When I hung up I realized that there was someone on the jetty. A man dressed in a blue sailor’s jacket was at the dock, I could see him in the distance through the window of the phone booth. Otherwise the port was deserted, and I watched as the man walked over to the stone block where I’d been sitting just a few moments ago and passed it without stopping. I was still standing in the phone booth, and I followed him with my eyes while he continued along the jetty without seeming to notice me or even suspect I was watching. He stopped in front of a fishing boat and took a good look at its hull, and after tossing the little knapsack he was carrying on board he jumped in with a single bound, rocking the boat for a few moments before it stabilized bit by bit alongside the dock.

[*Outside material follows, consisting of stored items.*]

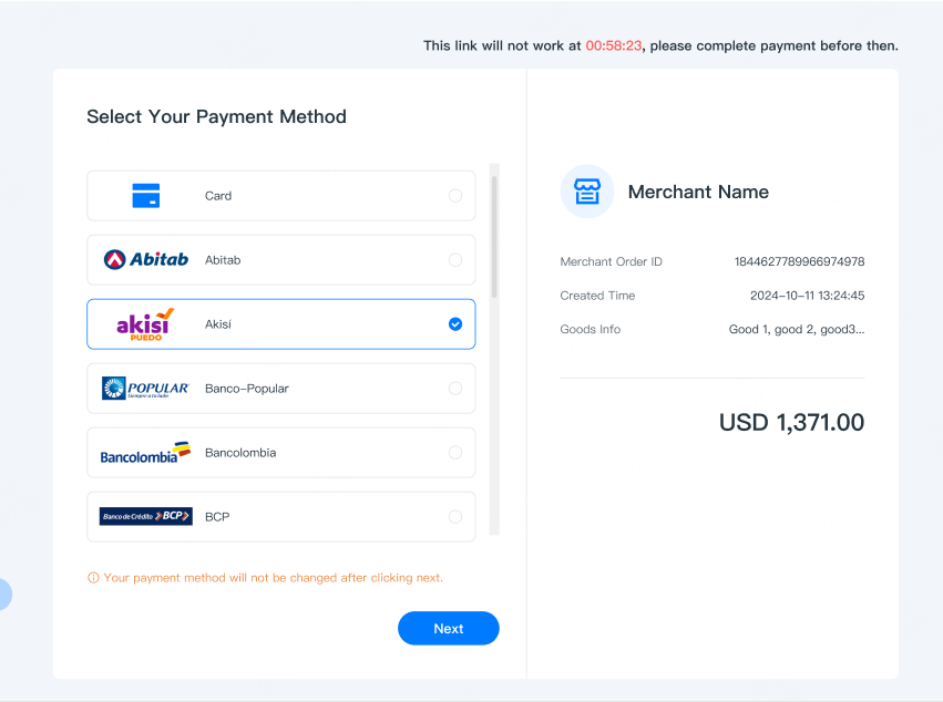 After a successful request, the response returns a unique payment link (redirectToPay). Redirect the customer to this link to complete the payment.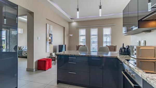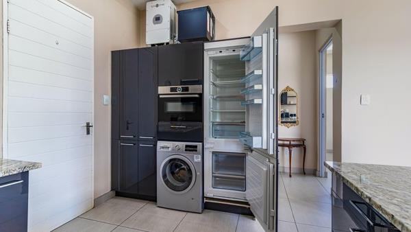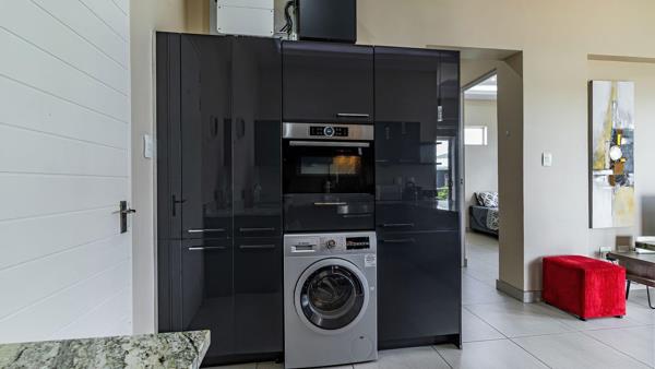 The kitchen is well-equipped, complete with integrated appliances including a fridge, convection microwave, dishwasher and washer dryer. With built-in cupboard space and large breakfast nook, a great space for a morning coffee or to chat with friends. Leading out from the lounge is a covered patio.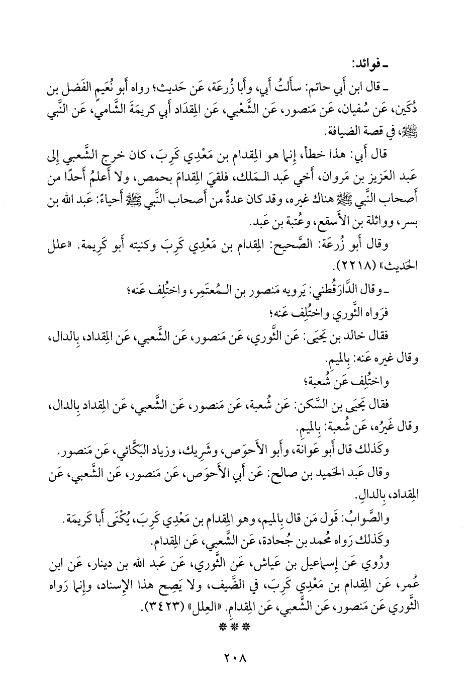 - قال عبد الرَّحمَن بن أبي حاتم الرازي: سألت أبي، وأَبا زُرعَة، عن حديث؛ رواه أَبو نُعيم الفضل بن دُكَين، عن سفيان، عن منصور، عن الشعبي، عن المقداد أبي كريمة الشامي، عن النبي صَلى الله عَليه وسَلم في قصة الضيافة.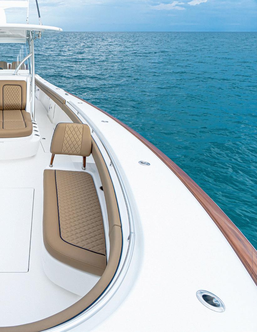 Sunbrella Horizon, the first vinyl marine seating material by Sunbrella, features a luxuriously soft hand specially designed to resist bacterial staining, cold cracking, stretching and fading — and the fabric has made an impression across the globe. | Page 02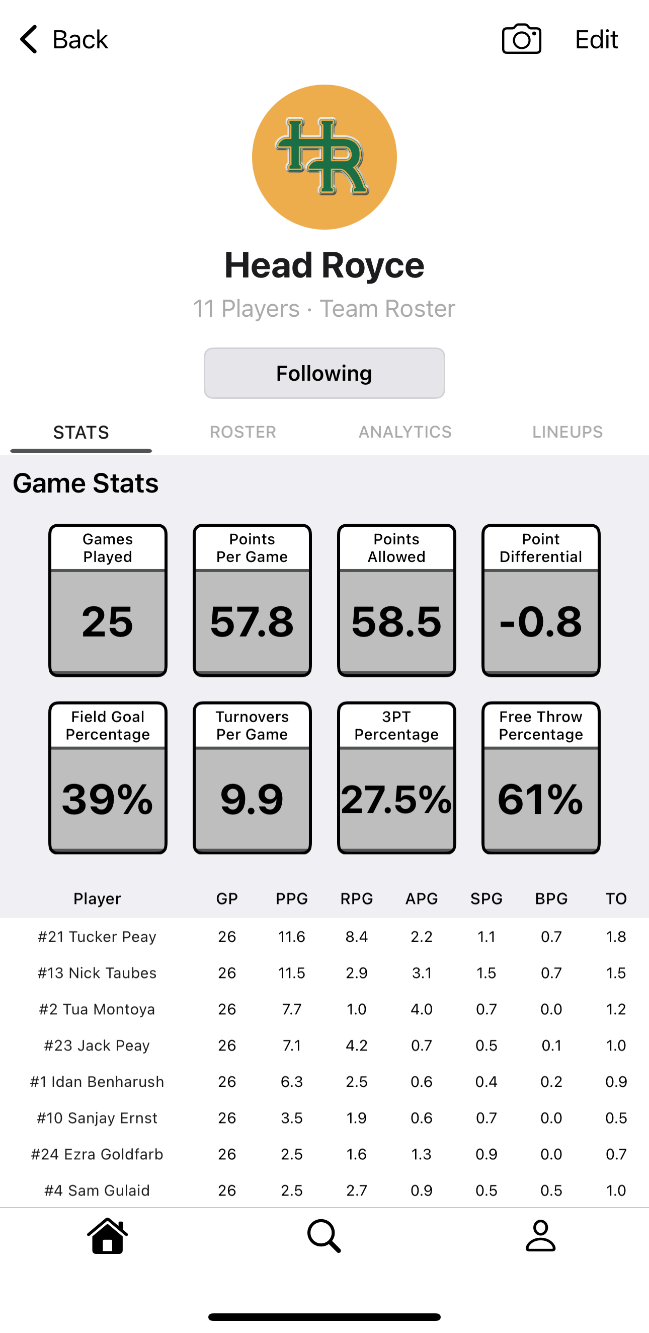 Intuitive interface – tap a player, tap the action. 2-pointer, 3-pointer, free throw, rebound, assist. Done.

He remained standing in the boat while untying the moorings, and, tossing them onto the pier, he grabbed a big wooden oar that he then thrust vertically into the water to push the boat out to the middle of the bay. He was now much closer to where I was and I could almost make out his features, his dry, angular face was chiseled by the wind. I didn’t move in the booth and kept watching from a distance, my body half hidden by the gray mass of the telephone. He’d gone back to the stern now and, kneeling down on the bench to start the motor, he gave the cord three long pulls, lifting his arm high in the air. The motor fired up and, sitting down in the stern, he grabbed the rudder and left the port at an extremely slow speed, his body perfectly immobile in the back of the boat and his eyes fixed on the horizon. I kept watching him from behind the window of the phone booth and could only see his back now as the boat headed out into the open sea toward — there was no longer any doubt — Sasuelo Island.